To mark the boundary
which in October, 1765, had been agreed upon between the Carolinas and the Cherokees,1 he, at the cost of an impoverished and suffering Colony,2 marched a company of riflemen through the woods,3 to the banks of Reedy River.
The Beloved Men of the Cherokees met him on the way. ‘The Man above,’ said their Orator, ‘is head of all He made the land and none other, and he told me that the land I stand on is mine, and all that is in it. True it is, the Deer and the Buffaloes and the Turkeys are almost gone.
I refer all to him above.
The White People eat what they have here; but our food is further off. The land is very good, but I will not love it. The land on this side the line I will not love, I give it to the White People.
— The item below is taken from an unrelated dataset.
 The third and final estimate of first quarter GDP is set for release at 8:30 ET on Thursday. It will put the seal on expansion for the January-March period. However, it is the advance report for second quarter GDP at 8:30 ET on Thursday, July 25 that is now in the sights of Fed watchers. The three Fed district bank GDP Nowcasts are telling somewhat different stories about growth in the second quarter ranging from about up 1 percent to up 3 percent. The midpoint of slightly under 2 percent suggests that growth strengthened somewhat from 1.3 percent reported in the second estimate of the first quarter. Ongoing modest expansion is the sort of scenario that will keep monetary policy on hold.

When they buy land, they give what soon wears out; but land lasts always.
Yet the land is given when the line is run.’4 As he spoke, he laid down a string of beads on the course of the border.
From the Elm Tree on Reedy River, the frontier was marked as far as to an Oak on the top of the Mountains which rise over the sources of the Pacolet and the Broad; and thence it was agreed that it should run directly to Chiswell's Lead Mines on the New River branch of the Kanawha.5 The Cherokee Chiefs, who knew well the cruelty and craft of the most pernicious beast of prey in the mountains,
1 Tryon to Rutherford, &c., Commissioners, 4 June, and 6 June, 1767.
2 Compare Martin's History of North Carolina, II. 228.
3 Tryon to Secretary of State, 8 July, 1767.
4 Jud's Friend's Talk in reply to Tryon, at Tyger River Camp, 2 June, 1767.
5 Deed with the Cherokees, 13 June, 1767.